In the end, though, symbolism trumped the weather. Hollande's choice to fly to Berlin just hours after he was sworn in as Nicolas Sarkozy's successor in the Élysée Palace was nothing short of a statement: Good relations between the two largest countries in the European Union are vital. The importance of the meeting could be measured by the swarms of journalists who found their way to the Chancellery on Tuesday evening -- only visits by US presidents tend to draw more attention. Each gesture was closely watched: Merkel welcomed Hollande with a handshake instead of the kisses she reserved for Sarkozy. But it is still early in the relationship.
Tuesday evening in Berlin was not focused on making decisions. It was about psychology, about atmosphere -- and about initial efforts to determine exactly where France now stands on the vital issues facing the EU. Merkel and Hollande met for more than an hour before sitting down to dinner. They communicated via interpreters, both preferring to stick to their native tongues and only making brief forays into English.
'Pleasure and Excitement'
Mostly, though, Tuesday evening was a pageant, designed to prove to the gathered journalists that the two leaders could get along.

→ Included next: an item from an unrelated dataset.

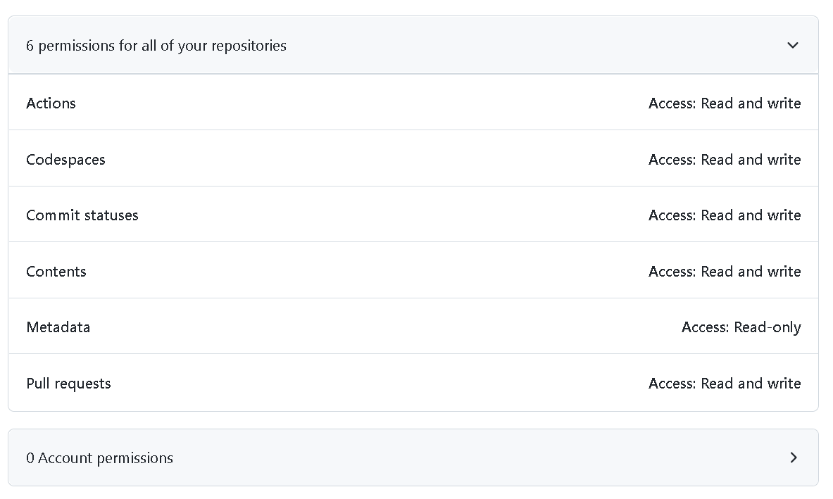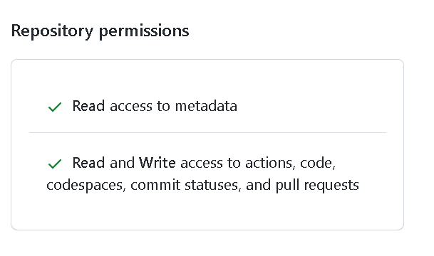 Read and Write access to actions, code, codespaces, commit statuses, and pull requests

During the campaign, Merkel had left no doubts that she stood firmly behind Sarkozy, even offering to help him campaign against the Socialist Hollande. Sarkozy, however, fell to Hollande in the final round of voting by a tally of 48.3 percent to 51.7 percent. Merkel and Hollande -- both 57 and similar in height -- have little choice but to get along. The German chancellor insisted that she is approaching the cooperation "with pleasure and excitement." Both insisted that they are aware "of the responsibility we have for Europe."
The primary focus of their relationship initially will be Merkel's fiscal pact and her focus on austerity as a solution to the ongoing euro crisis. Given the beating Merkel's Christian Democrats took in state elections in North Rhine-Westphalia on Sunday, the French media was convinced that the German leader would have no choice but to back down. Given the approaching general elections in Germany in 2013, the Strasbourg paper Les Dernières Nouvelles d'Alsace wrote, it is possible that "she will retreat somewhat from her austerity policies."

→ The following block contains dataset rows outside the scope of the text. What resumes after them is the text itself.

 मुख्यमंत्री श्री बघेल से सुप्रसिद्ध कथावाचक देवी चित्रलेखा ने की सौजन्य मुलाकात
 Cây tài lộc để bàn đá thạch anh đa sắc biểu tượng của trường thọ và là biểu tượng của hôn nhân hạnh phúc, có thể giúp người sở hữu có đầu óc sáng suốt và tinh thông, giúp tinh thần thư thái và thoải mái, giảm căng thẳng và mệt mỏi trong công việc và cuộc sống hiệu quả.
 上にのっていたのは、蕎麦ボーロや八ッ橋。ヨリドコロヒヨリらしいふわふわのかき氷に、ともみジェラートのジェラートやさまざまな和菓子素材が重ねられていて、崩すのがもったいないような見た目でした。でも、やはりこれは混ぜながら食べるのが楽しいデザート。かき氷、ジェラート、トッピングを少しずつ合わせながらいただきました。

Whether she will indeed take a step back remains to be seen. Twenty-five of the 27 EU member states have signed the fiscal pact and the national parliaments of all signatory states are to ratify the treaty by the end of the year. Hollande, however, has repeatedly threatened to recommend that the French parliament withhold ratification should the pact not be supplemented with a growth initiative.

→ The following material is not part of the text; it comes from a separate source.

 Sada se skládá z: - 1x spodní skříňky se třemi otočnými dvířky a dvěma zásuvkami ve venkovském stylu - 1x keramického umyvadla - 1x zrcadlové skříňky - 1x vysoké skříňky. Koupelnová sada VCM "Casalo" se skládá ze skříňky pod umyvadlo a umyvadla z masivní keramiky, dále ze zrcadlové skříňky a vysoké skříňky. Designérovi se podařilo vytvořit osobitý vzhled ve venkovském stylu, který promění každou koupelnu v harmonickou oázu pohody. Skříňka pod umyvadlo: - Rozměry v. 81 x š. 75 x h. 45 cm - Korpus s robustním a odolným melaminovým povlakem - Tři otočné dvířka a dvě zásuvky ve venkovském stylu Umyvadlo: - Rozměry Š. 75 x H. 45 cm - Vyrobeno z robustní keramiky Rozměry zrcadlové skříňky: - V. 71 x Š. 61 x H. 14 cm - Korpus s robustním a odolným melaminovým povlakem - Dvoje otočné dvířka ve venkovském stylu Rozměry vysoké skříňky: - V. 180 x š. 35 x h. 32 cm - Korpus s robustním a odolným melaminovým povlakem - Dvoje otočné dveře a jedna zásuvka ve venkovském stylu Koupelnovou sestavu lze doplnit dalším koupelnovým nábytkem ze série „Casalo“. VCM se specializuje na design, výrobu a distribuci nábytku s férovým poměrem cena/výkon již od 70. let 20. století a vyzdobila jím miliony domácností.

Berlin has long since resigned itself to the need for such an amendment -- growth has become the European Union's newest favorite empty phrase. Merkel hinted as much at the Tuesday evening press conference, saying that it is but a general term: "The question is who has what ideas?"
A Growth Dimension
That, in fact, is the decisive question. Hollande said that the pair had reached an understanding to put all ideas and proposals for growth on the table and to discuss which legal possibilities existed to make them reality. At the same time, he insisted that he was not interested in renegotiating the fiscal pact, as he had threatened to demand during the campaign. He merely wants to add a growth dimension, he said.
Still, Hollande wasn't completely a model guest. He once again mentioned his support for bundling European debt in so-called euro bonds, a proposal to which Merkel and her coalition partners, the Free Democrats (FDP), are adamantly opposed. He also said that without growth, sovereign debt cannot be paid down -- a seemingly banal sentence that could, however, be understood as a critique of Merkel's obsessive focus on fiscal responsibility.
The two sides will have to work quickly to find agreement on the way forward. Merkel said that Paris and Berlin hope to be able to present joint proposals for growth stimulus at the European Union summit at the end of June. "It will be very important," she said, "that Germany and France present shared ideas at that time."
'I Seldom Have Fear'
Finding agreement on those ideas will be the first test of the new Paris-Berlin relationship. After all, Hollande would like to avoid disappointing his followers in the very first weeks of his presidency. He has made many promises, including increasing state investment and reducing youth unemployment -- both of which could contravene the imperatives of Merkel's fiscal pact.
On Tuesday evening, such potential pitfalls were hidden behind the curtain of politesse. Toward the end of the press conference, Merkel was asked if she were afraid of the campaign promises made by Hollande in recent months, such as his pledge to sink the retirement age. Merkel answered: "I seldom have fear, as fear is not a good adviser in politics."
The new French president simply smiled.